Guest Post: Does web chat work for travel?

Guest Post: Does web chat work for travel?

There needs to be a step change in strategy, structure, and empowerment for chat agents Continue reading

By Bobby Morrell, managing director of Reality Training

Every time we go onto a travel web site, we end up being approached, gently, by a smiling avatar offering us a ‘chat’ interaction. Sometimes it’s right at the beginning, even before we’ve had a good look at the site, sometimes it’s at the end as we approach the final screen with the full price – perhaps a chat there and then, will help tip us over the edge?

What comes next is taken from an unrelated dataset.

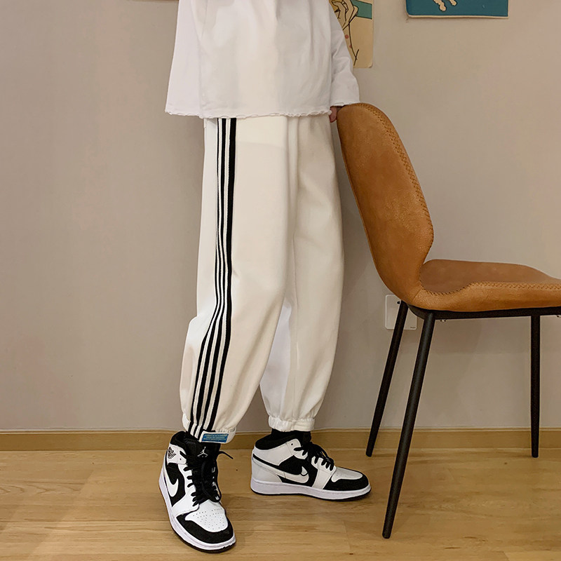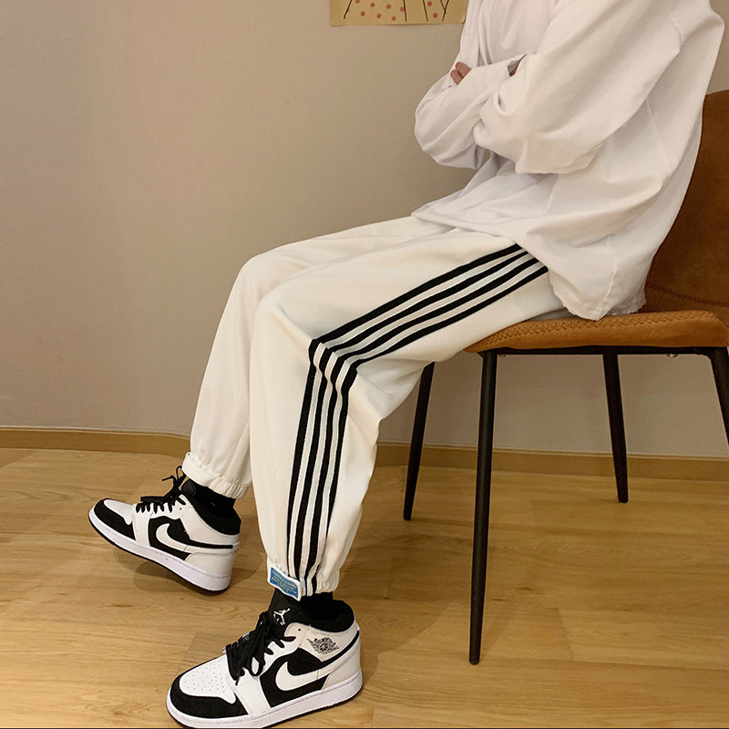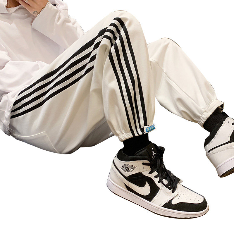 Pants men and Korean edition trend in three bars sports pants with magic fitting wear casual pants high street trousers
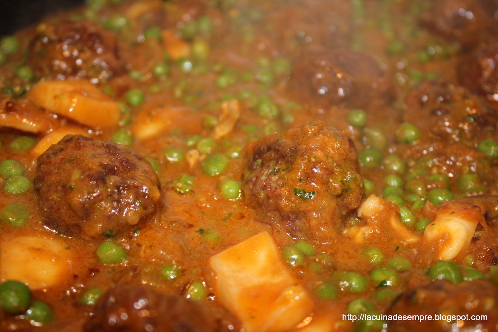 Quan la tomata està cuita cal afegir el vi. Deixar reduïr i després tirar aigua o caldo i les mandonguilles (fins que cobreixi). Rectificar de sal.

These chat conversations are so varied and inconsistent that customers wonder, first off, if this will be a good quality interaction or something stilted and robotic.
Does the customer value the chat interaction in the same way that they might do a conversation? Does the quality of the interaction make you more likely to book?
Does the agent believe that their chat channel is valuable or simply an information service?

Of course, with chat you’re dealing with nothing but words, and these have no tone, no voice, no expression – so the way they are read by the customer, is the way they are absorbed – not in the way you, the agent, mean them to be read. Voice is so much more expressive than chat, which is why it is such a successful sales channel.

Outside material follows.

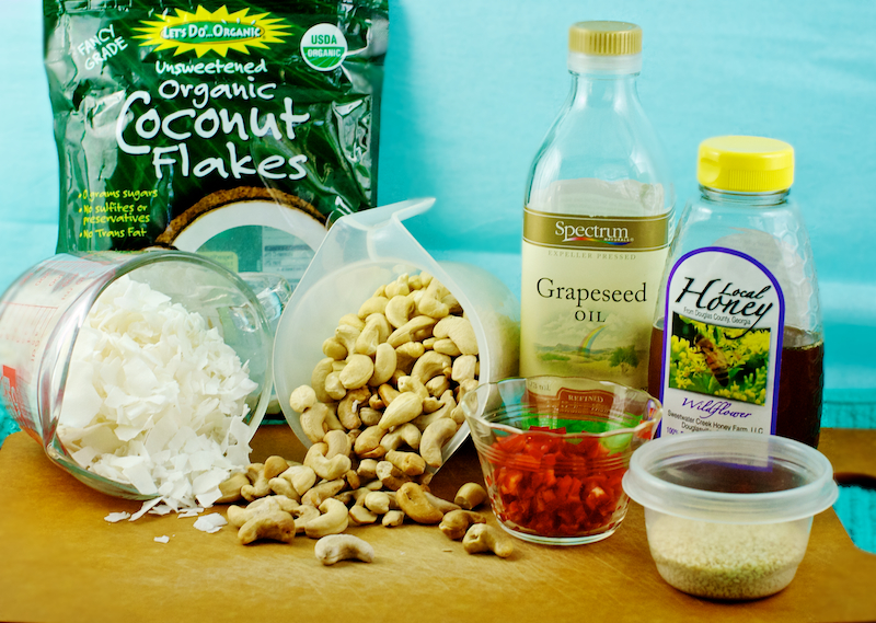 Update on this snack: We wanted it to be crisper and not as sticky, so I put it on a parchment papered baking sheet and baked it for about ten minutes (I think) at 350F. It was a lot better…but you really have to watch itin the oven. Those coconut flakes will burn in a second if you turn your back on them.

As customers become fonder of this channel, then the convenience of it means the technology adapts too, and the attraction of using WhatsApp and Facebook messenger means that customers can maintain an interaction through their work time, into the evening and into the next day, if it suits them. The skilled agent can have 40 or more chats open and must be ready to react when the customer is set to continue. This takes some personal management to achieve.

If travel brands are serious about converting there needs to be a step change in strategy, structure, and empowerment for chat agents

This also creates some major management changes. How do we understand the data that this channel produces? How easy is it to convert on chat? Will we try and silo this channel into teams who just work on chat or will we multi-skill these teams so they can switch channels.

We once delivered a web chat course where we posed this question – is it okay for the agent on chat to pick up the phone? And the answer was no – this would have to be handed by someone else in a telesales department. This is clearly allowing the management norms that we know and expect, to dictate service.

There is also the real danger of allowing ‘cut and paste’ offers to rule our chat experience rather than emulating a quality structure that engages more personally with the customer – this is a personal channel so why not make sure that the engagement is as close as it can be?

If travel brands are serious about converting at a good level purely through chat, then there needs to be a step change in strategy, structure, and empowerment for their chat agents.